Beautiful flowers bloom in each of Japan's four distinct seasons, giving rise to a culture of floral appreciation. The combination of flowers and birds in particular seems to be a preference of Japanese people since ancient times, as indicated by their nature-oriented outlook on the world and the many artworks featuring flowers and birds. In photography also, compositions of birds and flowers are more popular than photographs of birds alone, so I would like you to try taking this kind of photo.
White-eyes love sweet nectar. When I checked out a spot with flowering camellias, sure enough a flock of Japanese White-eyes had come for some nectar. Rather than blooming in bright, open areas of the bush, camellia flowers often bloom in a shaded area, behind other flowers or some leaves. As I was looking to see if there might be a good spot, I found a single flower blooming on the outside of the bush. I waited patiently, praying that a bird would come, and one came just as I had hoped. My chance came in the moment the bird raised its face upwards. I was able to get my perfect shot.
In spring, Japanese White-eyes and Brown-eared Bulbuls gather around flowers looking for nectar. In early summer, when fields of wild flowers are blooming in such places as Hokkaido, coinciding exactly with the breeding season, you can see birds such as the Common Reed Bunting, Siberian Rubythroat, Chestnut-eared Bunting, and Black-browed Reed Warbler.
Your photo opportunities will increase when you get to know when and where you can go to photograph flowers and birds together. With that in mind, explore the parks and green areas near your house as your own backyard. By doing so, you will get to know the seasonal flowers and also become familiar with the birds found in each season, shortening the path to creating great compositions.
In Japan, April is closely associated with sakura (cherry blossoms), however there are many species of sakura. In Okinawa, the dark pink Taiwan cherry blossom comes out in mid January. Just like the Japanese White-eye on the island of Honshu, the Ryukyu White-eye gathers in search of nectar. Your photo opportunities will increase if you find out ahead of time spots where seasonal flowers bloom and the birds that come to those flowers.

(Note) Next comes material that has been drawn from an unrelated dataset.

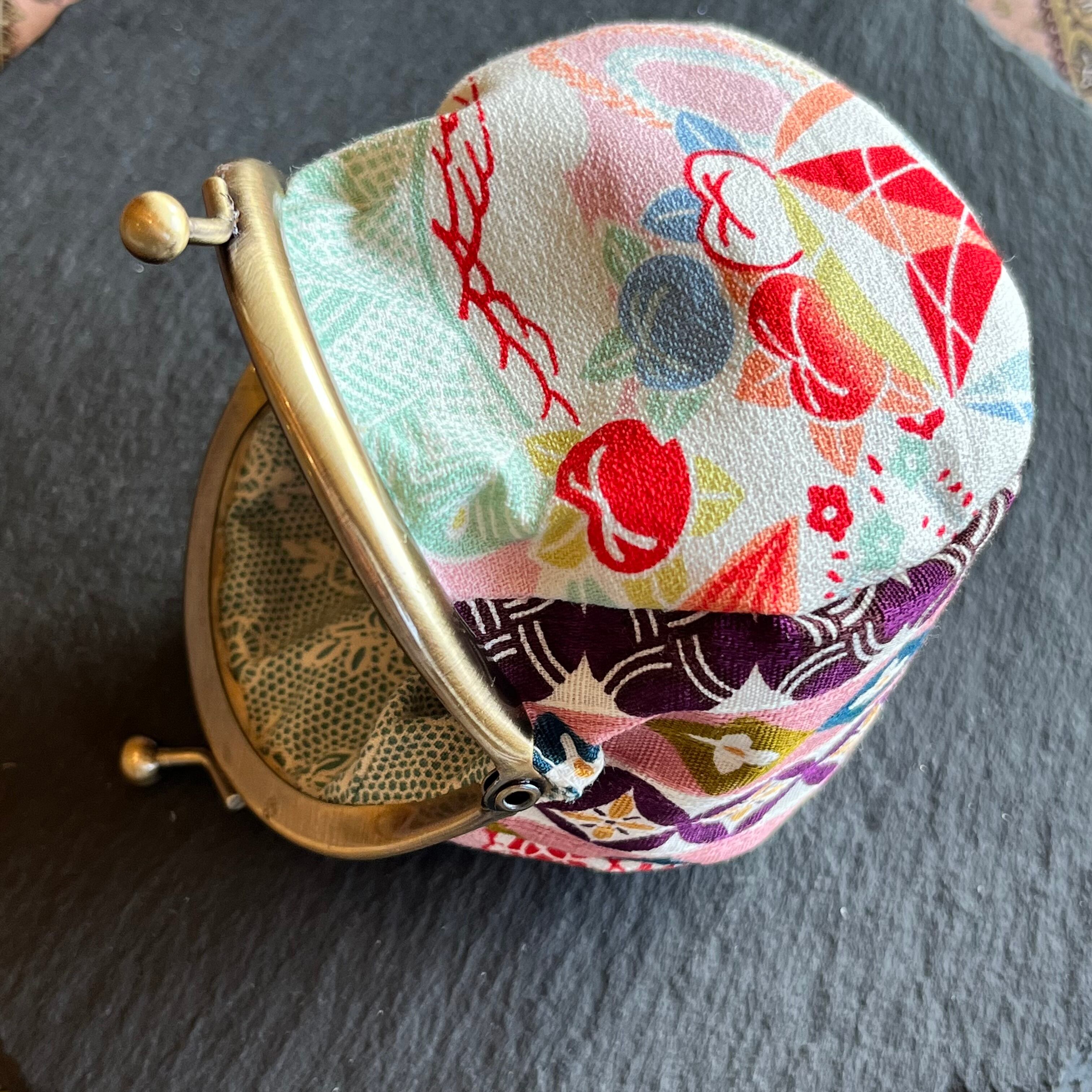 手のひらに収まるころんとしたがま口ポーチ。まちも広く意外と入れ込めます♫
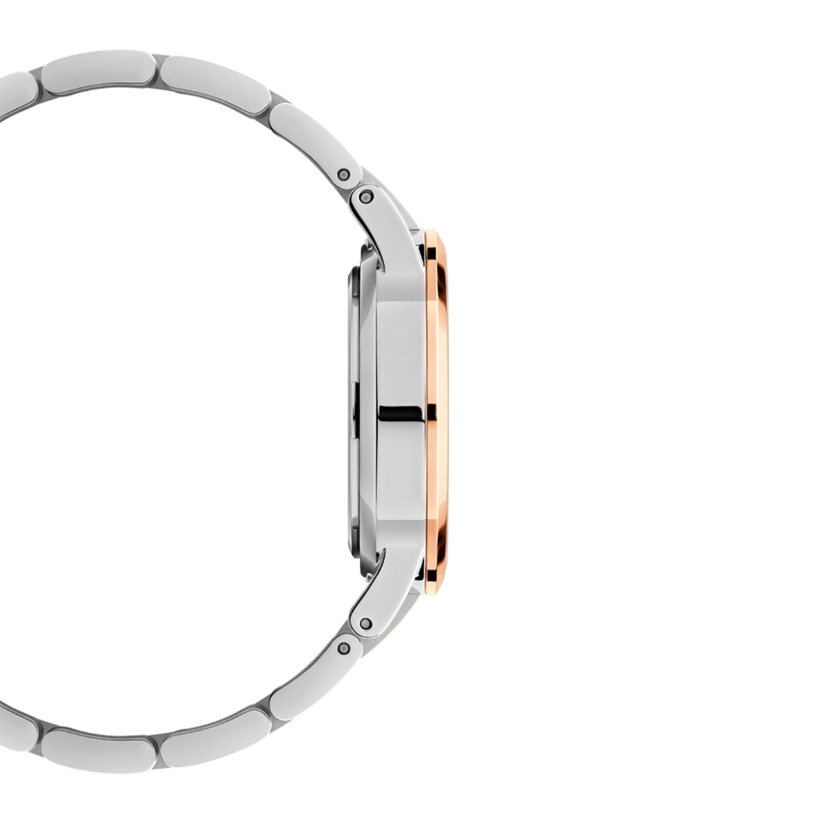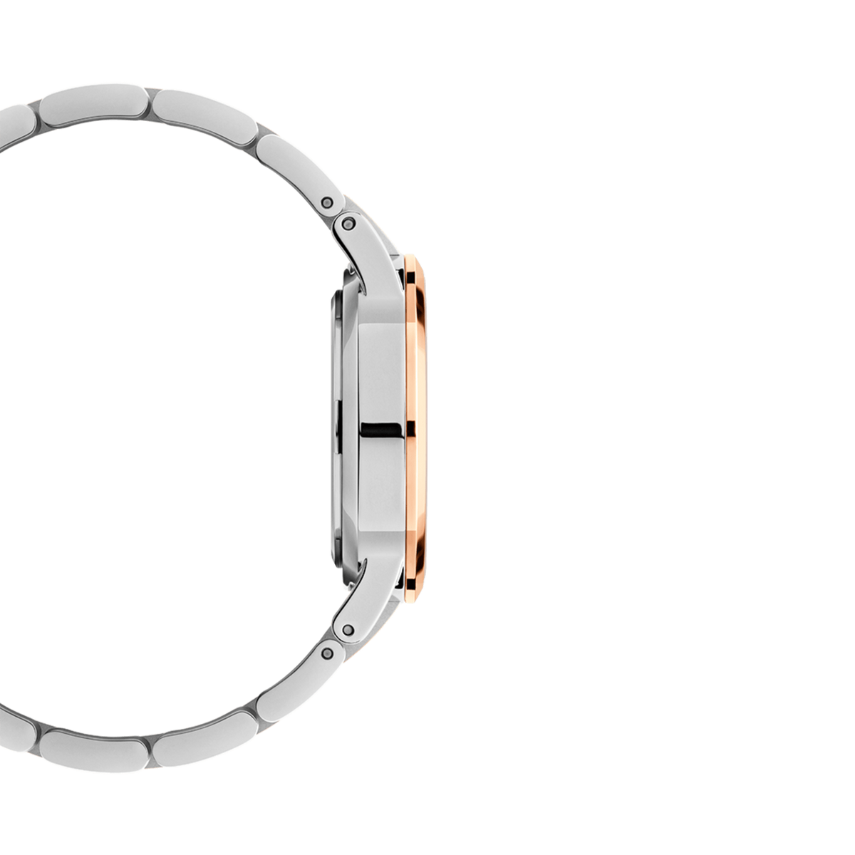 In this version, water resistance is limited. You should definitely not submerge the watch on purpose, but accidental contact with a small amount of moisture should not be harmful. The rose gold used to finish the case is not only a beautiful trend in recent years. It is above all a perfect meeting of contemporary fashion with timeless classics. The subdued silver color of the case determines the universality of the watch. The stainless steel used to make the case is characterized by high durability and scratch resistance.

A beautiful small blue bird commonly seen around human dwellings in winter, the Red-flanked Bluetail is popular as the “happy blue bird.” They are also appreciated as models since many do not seem to have much fear of humans. Although they usually prefer dark places, they can also be seen in plum orchards, waiting impatiently for the plum blossoms to open. After repeated visits over several days when the trees began blooming, I was finally able to capture a bird surrounded by blossoms.
There is a park where the Japanese Grosbeak spends the winter each year that I often go to take photos. As you would expect, I plan to go there when the cherry trees are blooming. Even though the Japanese Grosbeak will break cherries with its beak and eat them, it does not eat the blossoms. You might think that means that you cannot get a shot of the bird together with blossoms, but you can if you know the spots where they are often perched. This time I waited patiently by a branch that I knew the birds like to perch on before going down for a drink at the watering hole.
Cherry blossoms start to bloom from the bottom of the tree upward. You are probably thinking that getting a bird and a tree in full bloom is absolutely fantastic, but it is actually difficult to photograph because the bird can be completely covered by flowers or it can perch high up in the tree. And, if there is a row of cherry trees, the birds separate, making it even more difficult. For this reason, I am always so happy when the early cherry blossoms do not bloom fully.
As I was photographing a beautiful male Common Pheasant, another pheasant appeared and they walked together side by side. Following the two birds, they began to pass in front of some turnip rapeseed. Since I wanted to capture the birds with their long tails completely in the frame and at a good size, the foreground became narrow but I was happy I could get the shot I was aiming for. One more thing that I was careful about was since the birds were walking on farmyard compost (manure), I tried to get more of the turnip rapeseed in the frame and cut out the compost on the ground as much as possible.
It becomes more difficult to see wild birds in mid summer. The reason is that the breeding season ends and they become quiet. As a result, bird photographers may have time on their hands between the end of July and the beginning of September. However, this does not mean that birds are not around; there are some good spots if you look carefully. At Lake Hyoko in Niigata Prefecture, when the lotus blooms beautifully you can photograph the Yellow Bitterns that mate here as they stop on the lotus stems to feed.